Это был отважный проект, даже не проект – жест. Потратить явно немалые средства – заплатили находившимся на пике своего таланта сонграйтерам, чтобы они сочинили песни, которые потом никогда не исполняли (Кейв, Костелло, Скотт Уокер, одна вещь Уэйтса), плюс роялтиз за использование уже известных вещей, плюс первоклассные студийные музыканты (Эван Лурье54 тончайшим соло на бандонеоне превратил хрипучую уэйтсовскую «The Part You Through Away» в меланхоличное, замирающее танго, а в credits к композиции не без умысла записали покойного к тому времени Альфредо Педернеру, бандонеонного бога прошлого столетия). Плюс, конечно, Нил Хэннон и его The Divine Comedy, которая тогда была, наверное, в лучшем своем составе, включая Джоби Толбота. Именно The Divine Comedy с помощью Скотта Уокера (одарившего запись шедевром скуки и занудства под названием «Scope J») создали аранжировки и звучание альбома, которые действительно не с чем сравнить, разве что с платиново-иридиевым стандартом метра, что уже почти сто пятьдесят лет лежит где-то во Франции и почти никого не интересует. Нынче сверхточно меряют уже не тем бруском, а волной излучения криптона-86, что, конечно, богомерзко, но ничего не поделаешь.

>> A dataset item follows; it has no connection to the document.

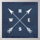 Kompassbild mit Pfeilen und Nord, Ost, Süd, West-Dekoration auf blauem Grunge Hintergrund
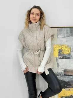 Жилетка утепленная удлиненная безрукавка без капюшоном

Есть ли здесь мораль? Наверное, о тщете лучших намерений сделать лучшие вещи, собрав для этого все лучшее из прошлого и использовав лучшие силы настоящего. Что-то в европейском искусстве и европейском мире как таковом кончилось с девяностыми; этот мир, смутно чувствуя смертельную свою слабину, решил зафиксировать себя в зените, на пике, в идеале. «Punishing Kiss» Уты Лемпер – одна из сконструированных точек этой фиксации, золотая фигурка, которую следовало передать следующим поколениям. Передать – передали, но те уже не знают, что делать с этой штукой. Она не прикольная.